By changing the constraint selections one can easily make maps and different types of graphs for tabular data. On the left is the float track for one of the SOCCOM Bio-Argo floats, color-coded by time. In the middle is a Temperature-Salinity diagram, color-coded by density, for that same float data, and on the right is a section plot showing oxygen in the surface 300 m for the 5-year duration of the float. For the oxygen section a color palette has been chosen that is perceptually uniform.
So far I have been focusing on different ways of visualizing data on ERDDAP. What if we want the data associated with one of these figures? Lets revisit that URL I showed at the beginning of the talk when I introduced the different components of the ERDDAP data request. This URL has the File type, the text in green, given as a large PNG file, so it will create an image on your browser. But if you changed that bit of the url to .mat it would produce a matlab file of that same data, which would be automatically downloaded to your computer. There are many different file formats to choose from, including netCDF, .json, kml, csv etc. Now since we were just looking at one time increment in this map, this url will only download one time period. Most likely you will want to download a range of times, and that can be done by setting the time range to actually represent a range of values, rather than having it be only one time period as shown here. Talking about the time range reminds me of another cool feature of ERDDAP I need to tell you about, and that is the ‘last’ function that can be used in the time range.

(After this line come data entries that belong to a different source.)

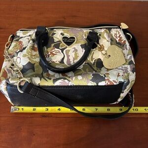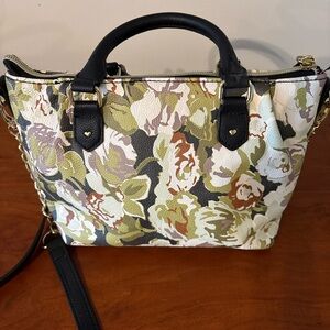 Betsey Johnson Pinch Satchel Xbody handbag in Olive floral colorway. Original Betsey Johnson tag included but detached (see photos). Bag appears unused and is in excellent, like-new condition.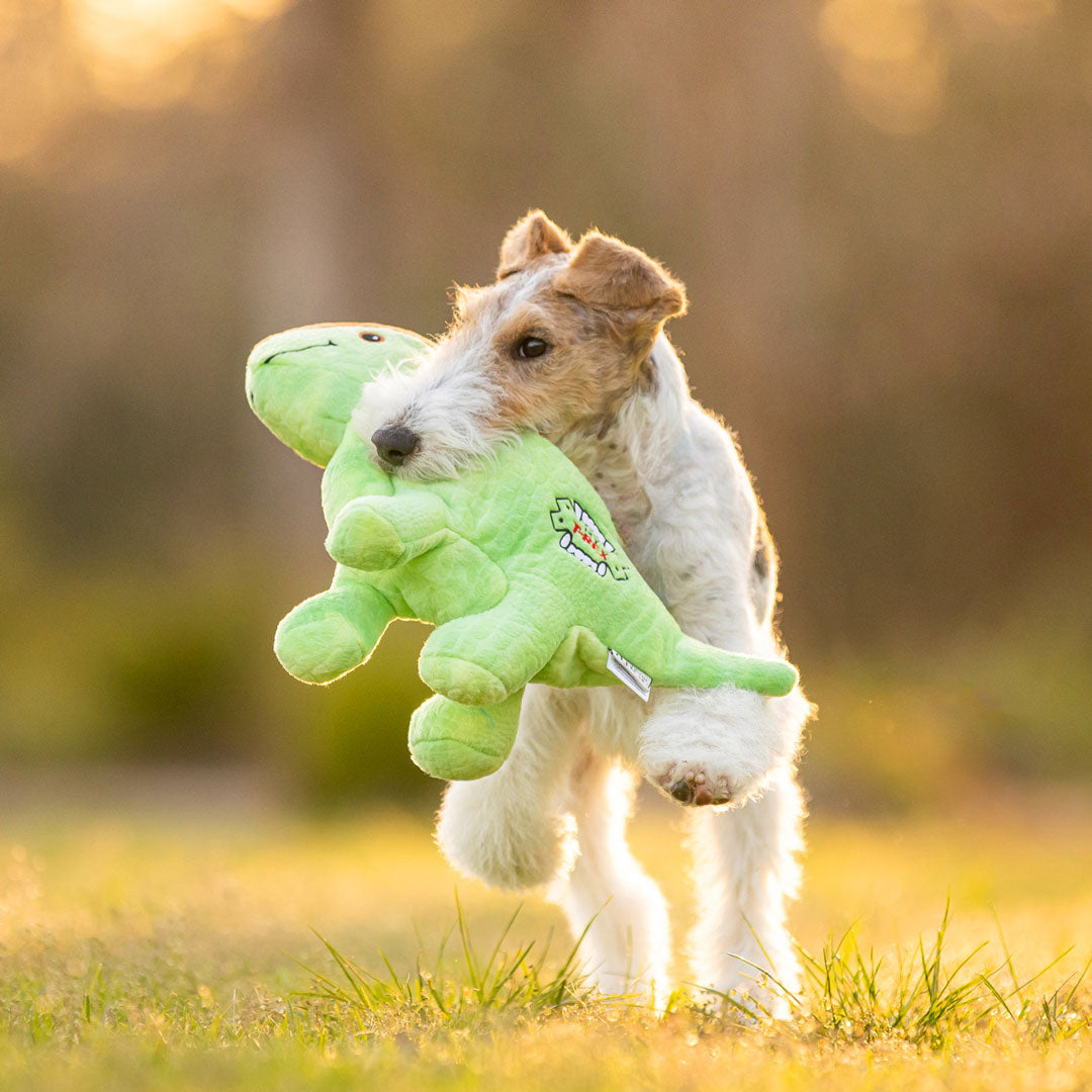 We do not stock “indestructible” or plastic nylon dog toys. Based on personal and veterinary experience, these toys can break dogs’ teeth. Our toys are thoughtfully designed to give your dog a fun, safe chewing experience and will breaking before causing dental injury. Always supervise your dog whilst playing with toys. Inspect and remove any loose pieces before continued use. Due to hygiene reasons, we do not offer refunds.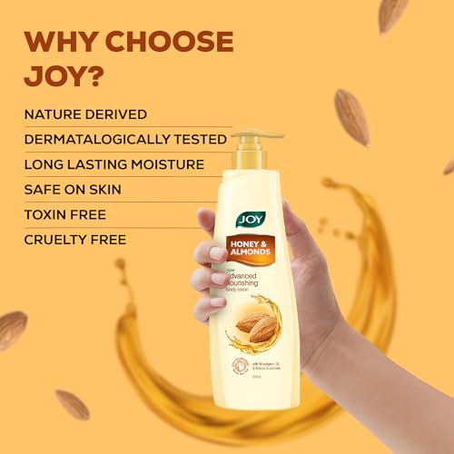 Experience the power of Joy Honey & Almonds Advanced Nourishing Body Lotion, enriched with Almond Oil, Honey, Vitamin E, and Aloe Vera for ultimate nourishment.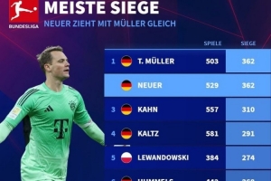 体育资讯10月5日讯 德转统计了德甲球员获胜场次排名,诺伊尔362场追平托马斯-穆勒,并列第一。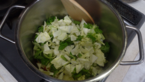 ①野菜はすべて1.5cm角(または1.5cm四方)に切ります。鍋にオリーブ油大さじ1を弱火で熱し、野菜、塩1つまみを入れ、じっくりと炒めます。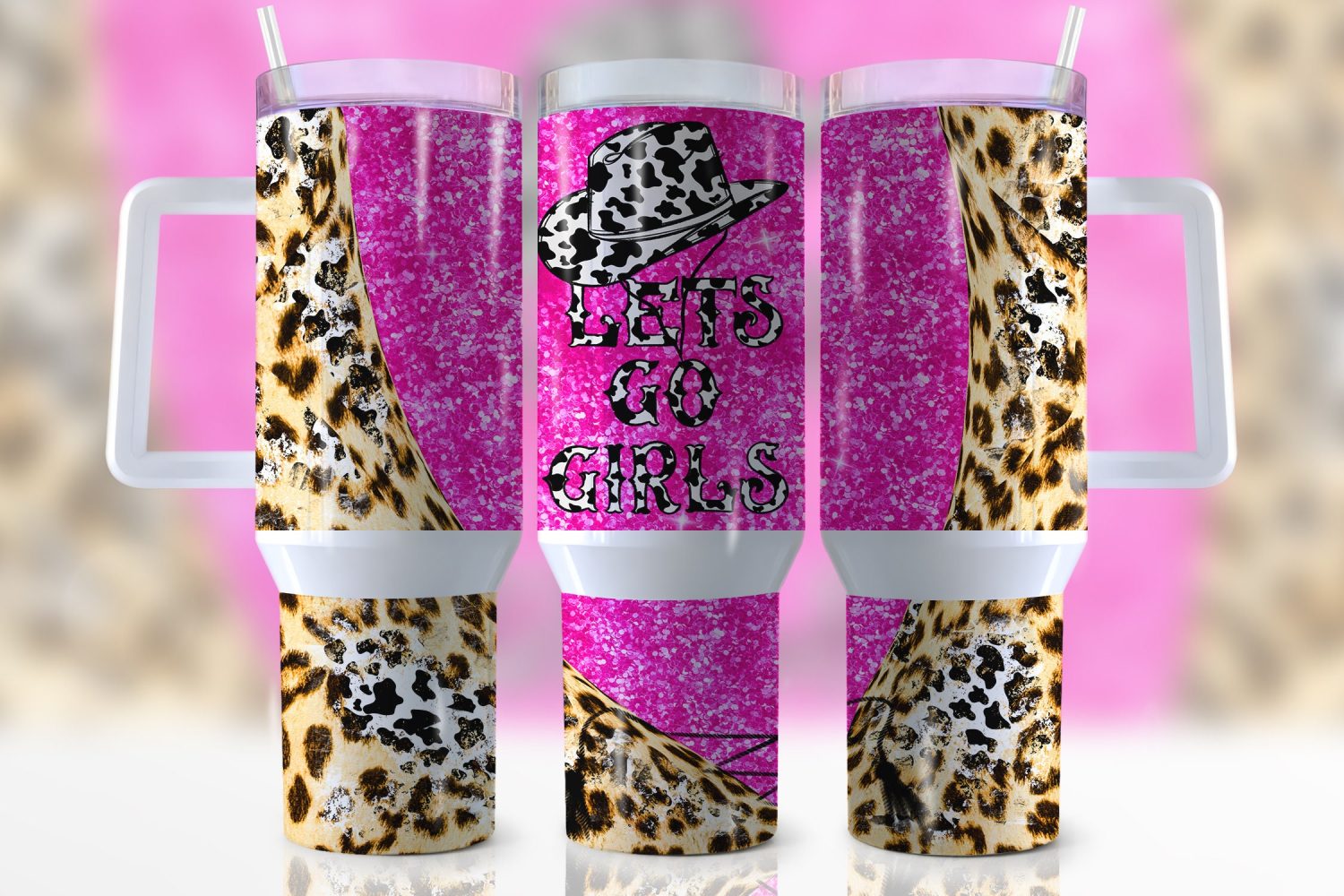 Cowgirl Glitter Leopard Print Custom Stanley Quencher 40Oz Stainless Steel Tumbler With Handle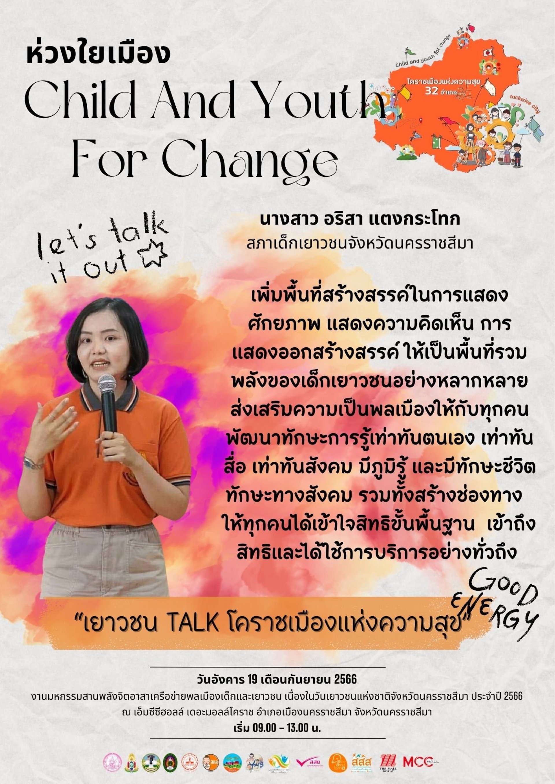 ทุกพื้นที่ในจังหวัดนครราชสีมาต้องพร้อมที่จะเป็นพื้นที่สร้างสรรค์และปลอดภัยในการแสดงความคิดเห็นและการแสดงความสามารถของกลุ่มเด็กและเยาวชน ไม่ว่าจะเป็นเด็กที่อยู่ในระบบการศึกษานอกระบบการศึกษาหรือกลุ่มเด็กและเยาวชนผู้พิการให้กลุ่มเด็กทุกกลุ่มสามารถอยู่ร่วมกันและสานพลังได้อย่างมีประสิทธิภาพ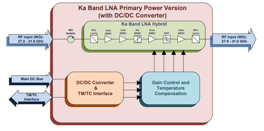The Ka Band LNA Primary Power Version consists of the following modules and sub elements: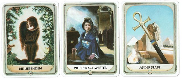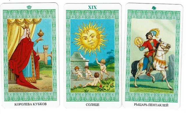 Задействованы 3 человека, может быть это ваши коллеги или те, кто связан с этими документами, но только когда выпадают несколько персон на какую то ситуацию, то нужно быть очень острожным, думаю, что один из выпавших людей, король куб, ваш знакомый, который посоветовал этот вариант, но карты говорят, что в дальнейшем это каким-то образом может сказаться на материальной выгоде и так же вариант, об этом может узнать или обнаружит какая-то женщина ( королева меч), в этой колоде она не очень пприятная) и это станет известно третьему лицу, мужчине, от которого вы зависите или находитесь под его управлением.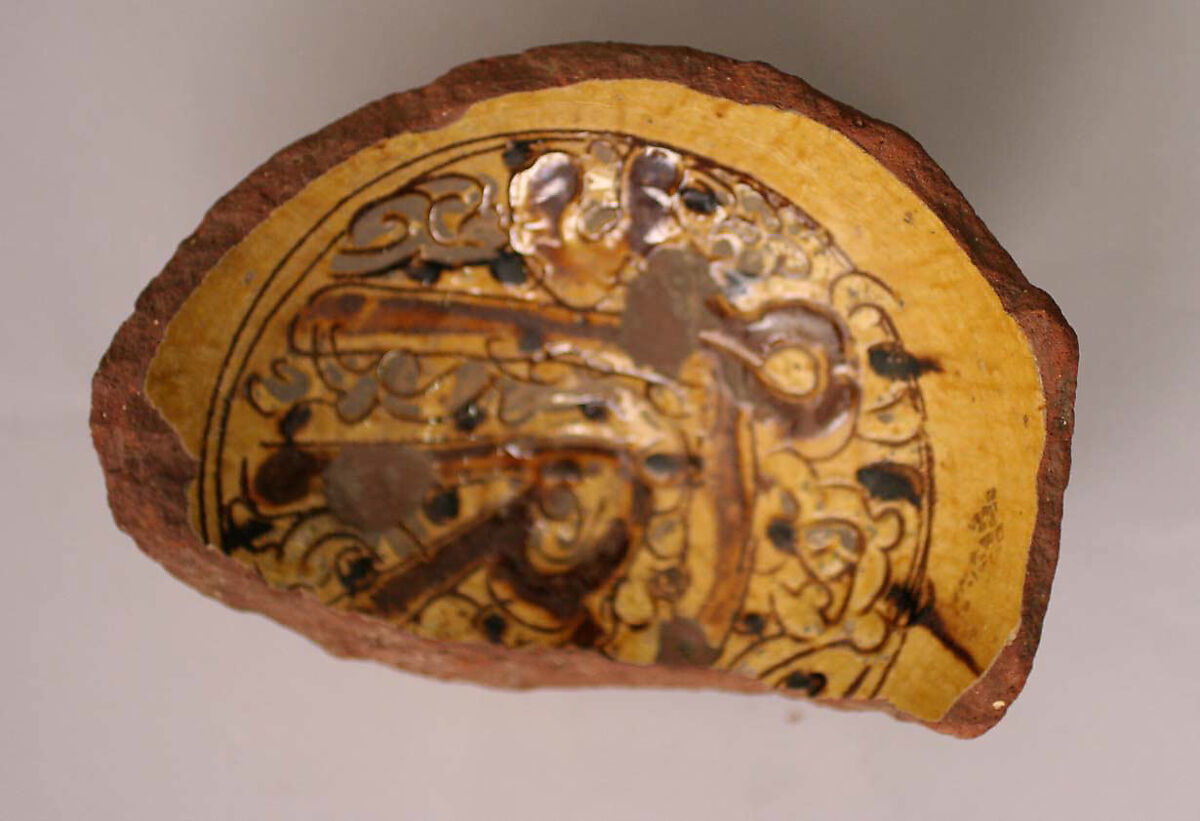 - Medium: Earthenware; incised decoration through white slip and coloring under transparent glaze.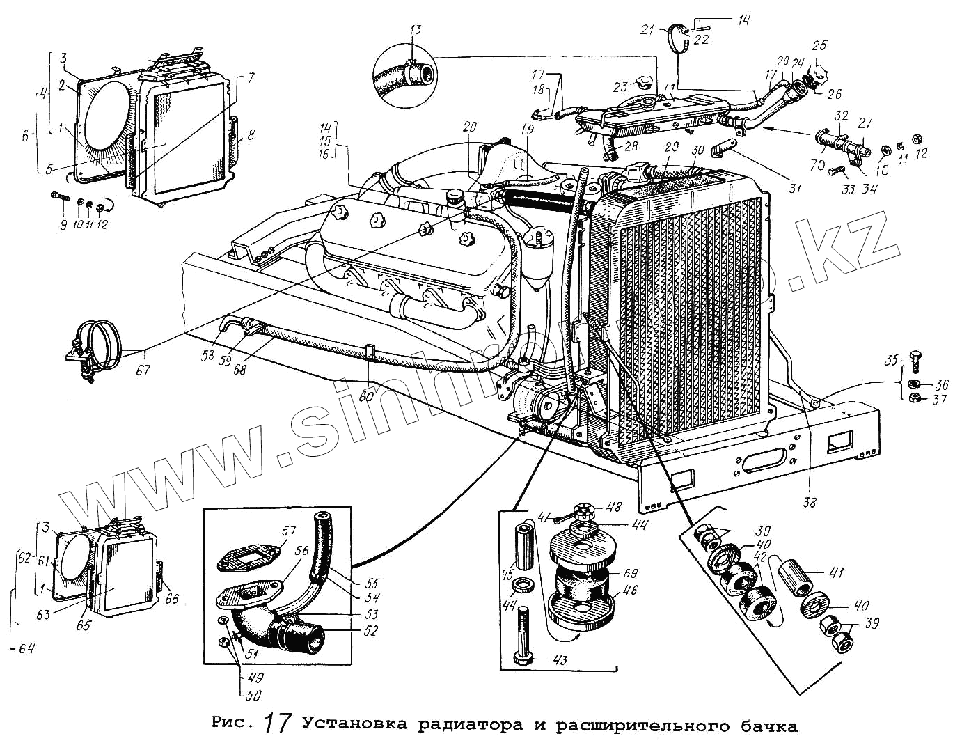Каталог запасных частей к технике: МАЗ-54323. Установка радиатора и расширительного бачка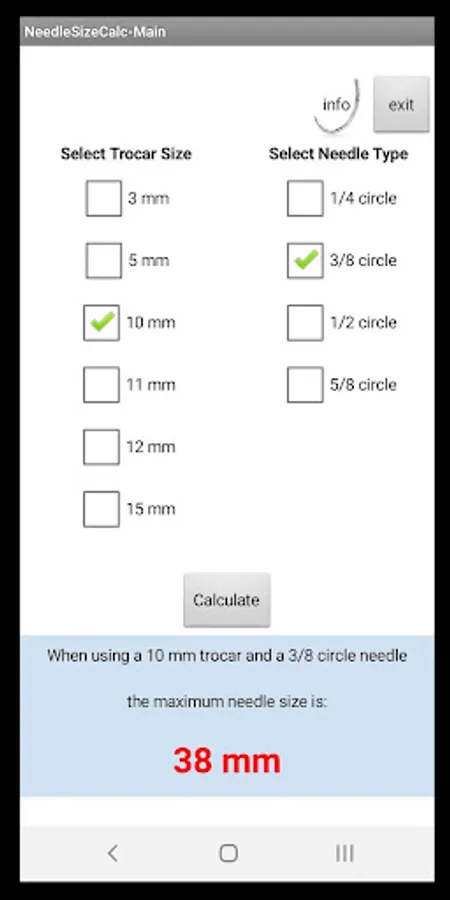 The user has the ability to select six different trocar sizes (3, 5, 10, 11, 12 and 15mm) and four different types of curved needles. The final result is the maximum length of a curved needle that can fit into a specific trocar during laparoscopic surgery.

If you replace a specific date in the url with the word last, you will get the most recent image. That’s what we are showing on the left. That url, in December of 2020, produced a map of the data from Nov 2020. If I access that same url in January of 2021 it should show me data from December of 2020. This is a very convenient way to embed images in a website to always show the most recent data for a region of interest. You can also do simple math with the last function. The url on the right is requesting “last-24”, so is getting the data from 24 time increments before the most recent data. Since this is a data product with monthly timesteps, that is getting data 2 years before the most recent data. For a daily dataset last-24 will return data 24 days before the most recent data.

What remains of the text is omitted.